Alas, no. I'm not huge in Russia, that just happens to be where most of the fraudulent referral sites are hosted. It works kind of like this: I'm suposed to go to my stats page and see a huge boost of traffic. Curious as to what milkshake is bringing all the boys to my yard, I click on the referral link and either my machine is immediately owned (or is that pwn'd?) or I'm blindsided by a bunch of ads for natural male enhancements. 
Now, I'm not the most tech savvy, but I'm at least smart enough to copy the link into Google instead of clicking on it. And what do you know? All of the search results include the words "referral spam." Sadly, I realize that some people are going to click these links, just like some people are going to give their bank account information to imaginary royalty from Nigeria. But unlike the Nigerian prince scam, this one seems to lack a wide enough target. It just seems odd to me that someone would put enough effort into a scam that is only going to be seen by blog owners who routinely check their traffic stats.
And then there's the Twitter bots. Every once in a while I get a cryptic message sent to me with a conveniently shortened url. Obviously, this is spam and I mark it as such and go on my way. Then there are these guys:

What you are looking at is a bunch of bots who have "favorited" a post I wrote back on May first. The post in question was meant to generate hype for the release of my second book. There's no dates on there, but every one of these was favorited well after the release was announced, the last one being today. Also, unlike real favorites, I do not receive any notification from Twitter that this has happened. What is the point of this? I've checked out a few of their profiles and all of their tweets read like bad poetry after a bottle of Wild Turkey and a 3am trip to Denny's (please don't ask me why I know what this type of poetry looks like).
So what am I supposed to do here? Is the heady rush of flattery meant to make me follow them? Am I then supposed to engage the witty bots in conversation? Is that when they send me spam? I'm so confused! Half the people on Twitter are so busy posting their own promotions that they don't have time to care what anyone else posts and the other half are teenagers following real and fake celebrity profiles, so how does this work?
And lastly, there is this delightful correspondence that I received. Mind-boggling grammar is theirs, not mine:
Hello dear new friend,
My name is Victoria female. I see your profile and like it,i do not normally stay on this forum, can you contact me back at my private mail (victoriaevans172@ to have my pictures and details,and i also have something to discuss with you is very important thanks whileI am waiting for your reply
Miss Victoria.

Now, yes, I admit this looks like every other email or Facebook spam out there, but the weird part is that this was posted to my Goodreads inbox. You know, that other social media site that is about posting all the books you've read to feel smarter than your friends? At least I think that's what Goodreads is for. I'm not very good at it. Regardless, I know it's not a dating site and even if it were a dating site, it seems like it would be more of one of those Rom-Com movie dating sites where Zooey named googly eyed girl who isn't Katy Perry meets introverted book-loving Ryan Gosling, not OK Cupid or Craig's List Casual Encounters. 

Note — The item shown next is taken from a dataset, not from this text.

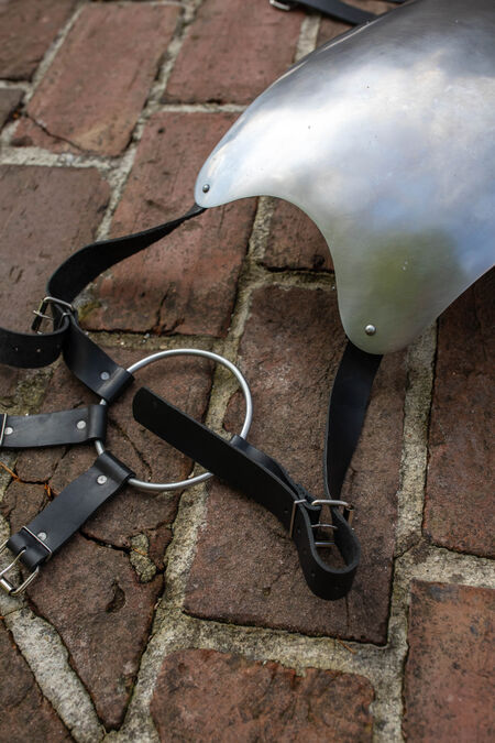 This breastplate is a simplified, practical version of one of our most successful “Dark Wolf” designs. It maintains the practical aspect while being essentially bare of flashy finishing and decor. So, it’s a relatively simple, functional, lightweight (comes in tempered spring steel by default) sword-fighting armor with a reliable leather strapping harness. It will be perfect for many man-at-arms and low rank nobility characters – those who make a living by their sword and bravery.
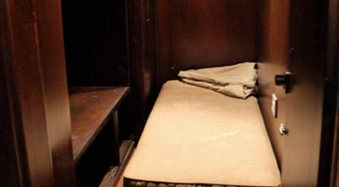 A tiny, windowless box with a narrow twin bed shoved against one wall and a small chest of drawers crammed against the other.

Seriously, bots, it's like you aren't even trying anymore.


  1. I'm so lost on the internet these days. I'd like to say you cleared things up for me, but not really. I apparently am on goodreads, but I never post anything there. I think I got on in accidentally via my book club. Before reading this, I had not a clue at all what it was there for! I don't think I want everyone to know everything I read. That's going too far!

  2. You somehow sent me an invite as well, but I was already on goodreads so I invited you back. Social media really is awkward!